Posts Tagged ‘microsoft’

Microsoft To Slash Price of Xbox

Sunday, July 13th, 2008

Microsoft Corp is set to cut the price of its best-selling Xbox 360 Pro model with the 20 gigabyte hard drive to $299 from $349. This will happen over the weekend before the video game industry’s biggest trade show, E3.

A price cut has been widely reported by popular video game blogs and technology Web sites. Many posted snapshots of flyers from various retailers advertising the $299 price. Microsoft refused to comment on this issue.

Microsoft last cut the price of the Xbox Pro in August, from $399 to $349, prior to the release of “Halo 3″ the following month.

A cut to $299 makes the Xbox 360 Pro $100 less than Sony Corp’s PlayStation 3 with a 40 gigabyte hard drive. Microsoft is locked in a three-way competition with Nintendo’s Wii and the PlayStation 3, which comes with a high-definition Blu-ray video player.

Price cuts from Nintendo and Sony seem unlikely. Nintendo’s $249 Wii is still in short supply at many retailers, while Sony has said it aims to turn its video game business profitable this year, making a cut hard to swallow.

Microsoft Retain 44 Billion Offer For Yahoo

Thursday, April 24th, 2008

Microsoft Corp. Chief Executive Steve Ballmer said Wednesday that his company’s $44 billion offer for Yahoo Inc. reflects Yahoo’s worth and the software maker has no plan to raise it.

“We know what Yahoo’s worth. $44 billion is a lot of money,” Ballmer said at a conference in Milan.

Ballmer said Microsoft is “prepared to move forward alone without Yahoo” if the bid doesn’t succeed. The cash and stock bid — valued at $44.6 billion, or $31 per share, when it was first made — is now worth about $43 billion, or $29.88 per share.

Without specifying a precise price, Internet pioneer Yahoo has maintained it is worth more to Microsoft even though its shares had fallen below $20 before the bid.

Google Stock Prices Boom

Monday, April 21st, 2008

Google’s fabulous quarter earnings eased slowdown fears. Fans enjoyed the biggest one-day Google stock rise — up $89.72, or 20%, to $539.26 — in the past two years as the Net search giant blew past earnings targets by avoiding a big drop in U.S. paid click traffic during the first quarter of 2008.

Wall Street had been a little pessimistic going into the earnings report Thursday, after ComScore (SCOR) surveys showed a third straight month of negligible advertising traffic growth related to domestic searches.
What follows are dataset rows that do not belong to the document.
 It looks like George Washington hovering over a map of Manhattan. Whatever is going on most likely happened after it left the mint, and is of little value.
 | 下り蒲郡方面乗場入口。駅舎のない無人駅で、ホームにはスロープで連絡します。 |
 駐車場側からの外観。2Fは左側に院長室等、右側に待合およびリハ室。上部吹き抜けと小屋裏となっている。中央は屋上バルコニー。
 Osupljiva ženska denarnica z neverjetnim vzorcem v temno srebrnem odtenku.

The reports helped confirm suspicions that the drag of decreased consumer spending was starting to spread beyond retail and housing to the tech sector.

But the fears of a revenue slump at Google were overestimated as the company saw strong international paid click sales, and the effects of higher prices. Google reported 20% growth in overall paid click revenue over year-ago levels, which was down from the 30% pace in the prior quarter, but well above the 1.8% U.S. rate ComScore reported for March. ComScore flagged the U.S. slowdown but did not capture the bigger picture, namely Google’s expansion overseas, which accounted for 51% of total sales, up from 47% a year ago.
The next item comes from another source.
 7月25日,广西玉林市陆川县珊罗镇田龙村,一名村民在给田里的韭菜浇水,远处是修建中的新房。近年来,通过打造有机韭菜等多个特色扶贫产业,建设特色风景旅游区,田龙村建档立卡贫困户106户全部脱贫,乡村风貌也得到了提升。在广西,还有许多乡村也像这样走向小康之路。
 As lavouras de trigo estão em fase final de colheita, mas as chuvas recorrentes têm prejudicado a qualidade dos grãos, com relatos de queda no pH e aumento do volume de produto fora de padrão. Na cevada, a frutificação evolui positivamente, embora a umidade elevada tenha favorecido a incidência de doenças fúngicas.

Analysts who had braced for a slowdown going into the earnings report quickly turned bullish after Google’s earnings were released.

One element of Google’s big performance may reflect well on rival Yahoo. Though Google gained market share in the first quarter at Yahoo’s expense, the health of the sector seems to be intact. This should give Yahoo some added sway in its standoff with Microsoft over the $42 billion proposed merger.

Microsoft May Withdraw Yahoo Bid

Monday, April 7th, 2008

More of the predatory snaring in Wall Street. The situation with Microsoft’s bid on Yahoo seems to be locked in a stalemate.

The software giant has announced that it may rescind its offer to buy Yahoo at $31 a share. Both sides cannot arrive at an agreeable price but it is clear Microsoft execs will not paying the $40 per share that Yahoo demanded.

The offer is not likely to be revoked, this is more of a tactic to put pressure on Yahoo’s board using “market signaling.” The message is that Yahoo’s stock would become vulnerable if Microsoft withdraws its bid. They are confident Yahoo has little alternative but to accept the deal.

The problem for Yahoo is the current offer significantly undervalues the company and they have rejected Microsoft’s overture in February. The deal has since decreased in value from $44.6 billion offer on Jan. 31 to the current $42 billion.

I believe it is best Yahoo accept the offer, holding out will only push the prices of both companies downwards. Unless Yahoo comes up with ingenious methods to boost earnings as revenue from advertisers is not expected to do well this year. No other giants want to enter the fray too, either because they cannot compete with the financial muscle of Microsoft or because they do not find Yahoo attractive enough.